Taming the Belted Beast

Quick Facts: 

  1. Treadmill running has relatively similar biomechanics to running outdoors.
  2. If running faster than 7 minutes per mile, a 1% incline should be applied to the treadmill to equate for decreased energy expenditure from lack of air resistance.
  3. At higher speeds, running on a treadmill will cause a greater increase in your heart rate and perceived level of exertion when compared to running outdoors at those same speeds.

As spring weather begins to tease with occasional days of sunshine and warmth, the call to run in the great outdoors reaches its peak. After experiencing a run filled with breathing in your own hot phlegm that’s stuck to your mask and dodging the newcomers who have discovered your favorite running route, you may find yourself opting for indoor exercise and instead, pumping out seemingly endless miles on a dreadmill – sorry, sorry, treadmill. While this can allow you to get in a solid training run devoid of any potential pandemic threat, there are a lot of questions surrounding the belted beast. Will running on a treadmill vs running outside change your form? Is the old 1% incline rule real? Why is it so freakin’ hard?

Will running on a treadmill vs running outside change your form?

A bit. Does it matter? Not so much. KINETICally speaking (think force or load on joints), there is a slight difference in the amount of load on your muscles and tendons as you run on a treadmill versus running outside. A recent study shows that your quadriceps muscles can work as much as 27% LESS on a treadmill versus outside, formally called overground. If you are training for a (likely virtual) hilly race, make sure you supplement your treadmill training with some eccentric quadricep training to prevent quad explosion on the downhills. On the flip side, your achilles tendon (the thick tendon that connects your calf muscle to the back of your heel) undergoes up to a 14.2% increase in stress on the treadmill versus the great outdoors. If you suspect that you’ll be spending a chunk of this pandemic on a treadmill, make sure to get your achilles ready with some calf raises. 
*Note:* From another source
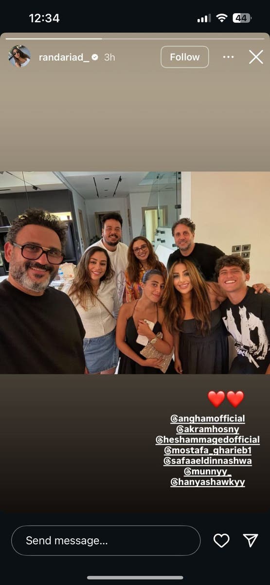 ونشرت راندا رياض مديرة أعمال الفنانة أنغام، صورة جديدة عبر خاصية “القصص القصيرة”، اليوم الأحد، على حسابها بموقع إنستغرام، تظهر أنغام رفقة نجلها وكل من الفنانين أكرم حسني وهشام ماجد ومصطفى غريب وآخرين، فيما لم تذكر مكان التقاط الصورة أو مناسبتها.

How else does your running form change? KINEMATICally speaking (think position of joints, not force), your hips, knees, and ankles hit pretty much the same angles when you run on a treadmill versus overground. A recent – excuse me – very recent, meta-analysis found that the only difference on treadmills is that when your foot hits the ground, your toes tend to land a little closer to the ground (less dorsiflexion) and your knee has a bit more bend (more flexion). This corresponds with a step length difference of 1-5% which generally indicates that your initial contact (when your foot hits the ground) is closer towards your center of mass (more underneath your body). PHEW. Just look at the pictures.

                    Fine?                                       Better!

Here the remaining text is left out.